» **Brief**
Only the lines from the one with "麒麟970处理器的性能相当于" to the end of the listing below should be set down, exactly as written and without any pictures.
══ Exercise data ══
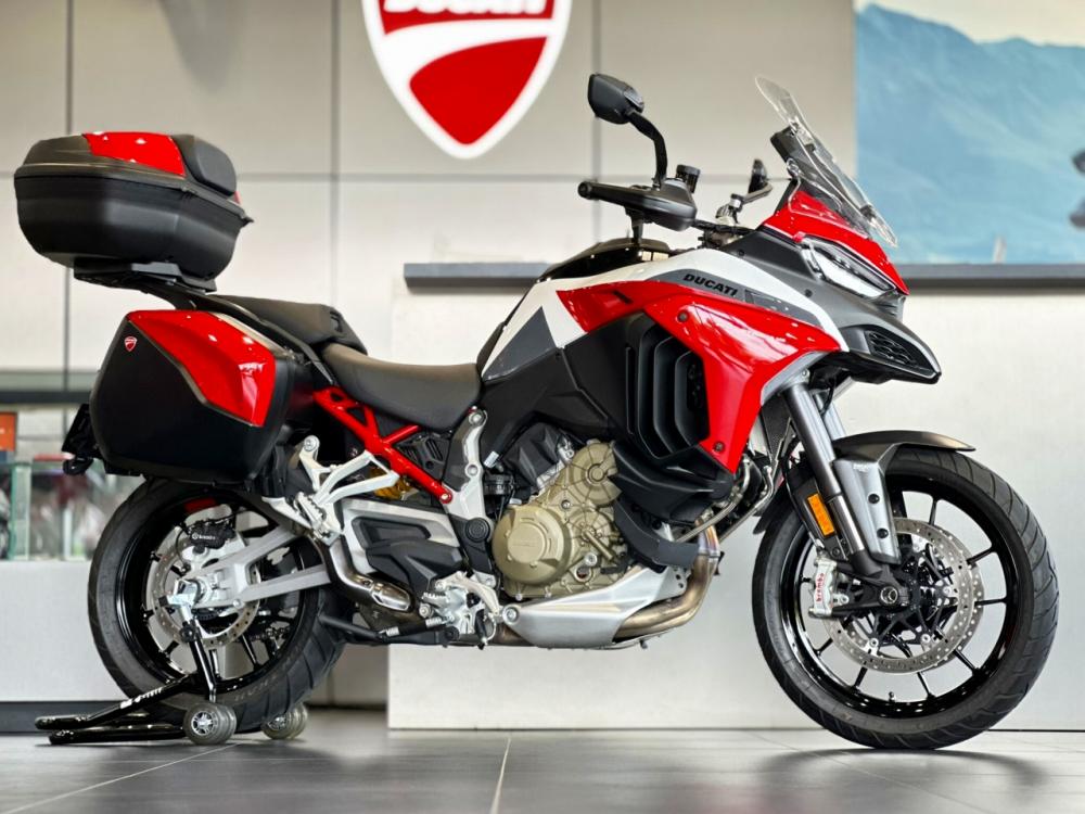 走行わずか6,060kmの上質車両。日本仕様ならではのレーダーシステム(ACC/BSD)を標準装備し、さらに専用アクラポヴィッチサイレンサー&カーボンパーツでスポーティに仕上がった一台です。トップ&サイドケースやヒートシーターも備え、快適性も抜群。スポーツ性能とツーリング性能を両立するMultistrada V4 Sportをぜひご覧ください。
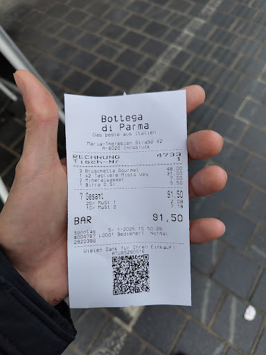 Read moreDO NOT GO THERE Me and 2 of my friends were coming back from Germany and stopped in Innsbruck because we wanted to visit the city. It was 2pm and the only open restaurant was this one; I usually avoid Italian restaurants outside Italy but we let it slide. The guy started to befriend us because we are Italians and offered to sit us down and give us some bruschette and one plate of cooked vegetables to share (in Italy this would probably cost about 20€ total, especially in a bottega kind of restaurant. We ordered also 2 bottles of water and 1 bottled beer. The water came out to 3.5€ each (for 0.5l), the bruschette cane out to 16€ each and the plate of vegetables (with the most disgusting price) was 31€!!!!!!! Also he offered us ONE plate of vegetables and in the "receipt" (if we can call it that, paid all cash) there were signed two portions... This guy brings a bad reputation to foreign countries about Italy, it really sucks to see people being apparently friendly and then scamming people. Italy is about being honest and offering, this guy is none of the above. Very very very disappointed and also angry because we threw away 30€ each for some food that really didn't fill us up. Price is not justified when you can drive 1 hour at the border and eat the same things for less than half of the price. Also the bottega Is called "Bottega di Parma" and he Is nowhere close to Parma. Classic south Italian...
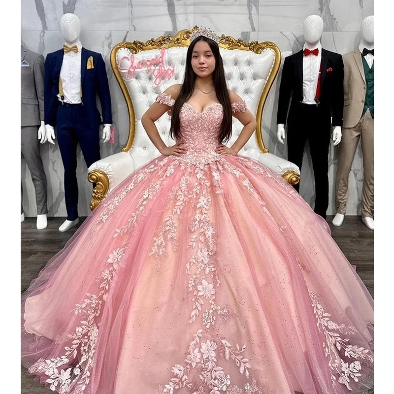Милое розовое блестящее платье Quinceanera, кружевное платье с аппликацией и открытыми плечами для девушек 15 16, вечерние платья на день рождения, ...
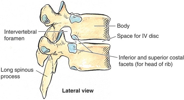 Describe the features of the thoracic vertebrae?
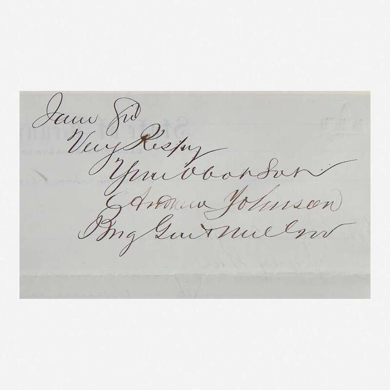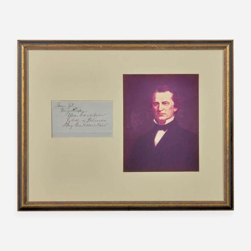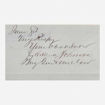 Nashville, Tennessee, August 31, 1864. One sheet, approximately 9 3/4 x 7 1/2 in. (248 x 190 mm). Manuscript letter in a secretarial hand, on State of Tennessee, Executive Department stationery, signed by Andrew Johnson, as Military Governor of Tennessee, to Secretary of War Edwin Stanton. Johnson requests that 1st Lieutenant Edward S. Richards be appointed Captain and Assistant Adjutant General for the state of Tennessee. Creasing from contemporary folds. In mat with a portrait of Johnson, and in frame, 17 x 21 1/2 in. (432 x 546 mm).
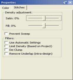 The DRK version of Embrilliance allows for more control of the stitches using our Project system. The Stitches property tab adds controls to use the project settings from the Project Advisor to remove stitching, De-Clump, and limit the density.
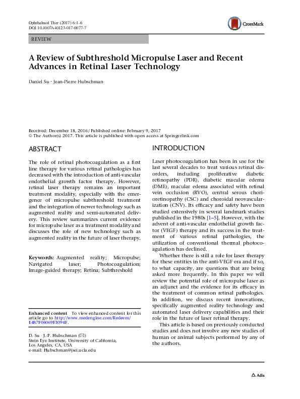 (PDF) A Review of Subthreshold Micropulse Laser and Recent Advances in ...
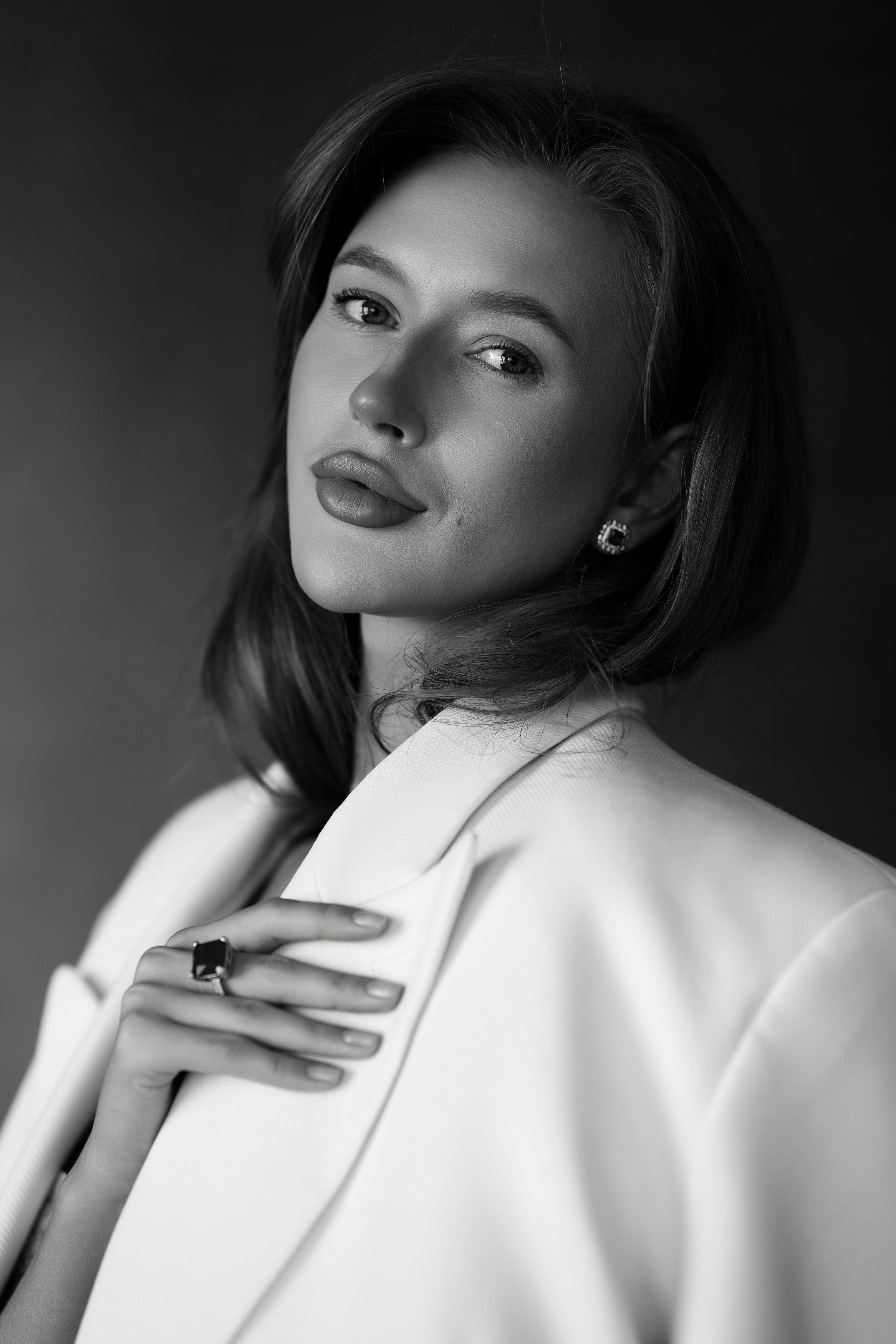 Снимок получился неплохо — свет мягко моделирует лицо, поза естественная, взгляд задумчивый. Белый пиджак контрастирует с тёмным фоном, акцентируя фигуру. Выбор чёрно-белого формата подчёркивает линии и текстуры, делая портрет выразительным.
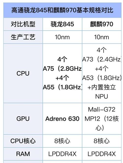 麒麟970处理器的性能相当于骁龙845。以下是两者在具体方面的对比:CPU核心方面:麒麟970和骁龙845都采用了4大核+4小核的设计,但架构和主频有所不同。骁龙845采用基于ARM A75/A55的大小核心设计,最高主频能达到8GHz。麒麟970则采用ARM的A73和A53来设计大小核心,最高主频为4GHz。
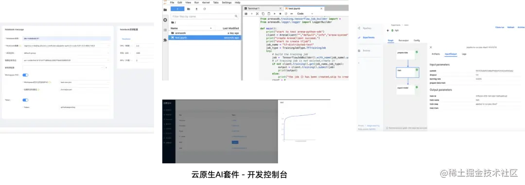 除了命令行工具,Arena 还支持 golang/java/python 语言 SDK,便于用户二次开发。另外,考虑到不少数据科学家习惯使用 Web 界面管理资源和任务,云原生 AI 套件也提供了简单的运维大盘和开发控制台,满足用户快速浏览集群状态、提交训练任务的需要。这些组件共同形成了云原生 AI 作业管理工具集 Arena。
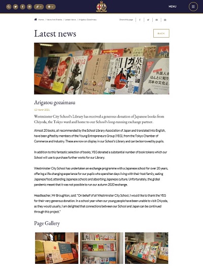 東京商工会議所千代田支部青年部(木原一雄幹事長・キハラ㈱代表取締役)は、千代田区の海外姉妹都市提携に向けた活動の一環として「イギリス現地中学高等学校への書籍寄贈企画」を実施し、このたび寄贈先であるウェストミンスター・シティ・スクールより御礼のメッセージをいただきました。
═══
» **Answer space**
 麒麟970处理器的性能相当于骁龙845。以下是两者在具体方面的对比:CPU核心方面:麒麟970和骁龙845都采用了4大核+4小核的设计,但架构和主频有所不同。骁龙845采用基于ARM A75/A55的大小核心设计,最高主频能达到8GHz。麒麟970则采用ARM的A73和A53来设计大小核心,最高主频为4GHz。
 除了命令行工具,Arena 还支持 golang/java/python 语言 SDK,便于用户二次开发。另外,考虑到不少数据科学家习惯使用 Web 界面管理资源和任务,云原生 AI 套件也提供了简单的运维大盘和开发控制台,满足用户快速浏览集群状态、提交训练任务的需要。这些组件共同形成了云原生 AI 作业管理工具集 Arena。
 東京商工会議所千代田支部青年部(木原一雄幹事長・キハラ㈱代表取締役)は、千代田区の海外姉妹都市提携に向けた活動の一環として「イギリス現地中学高等学校への書籍寄贈企画」を実施し、このたび寄贈先であるウェストミンスター・シティ・スクールより御礼のメッセージをいただきました。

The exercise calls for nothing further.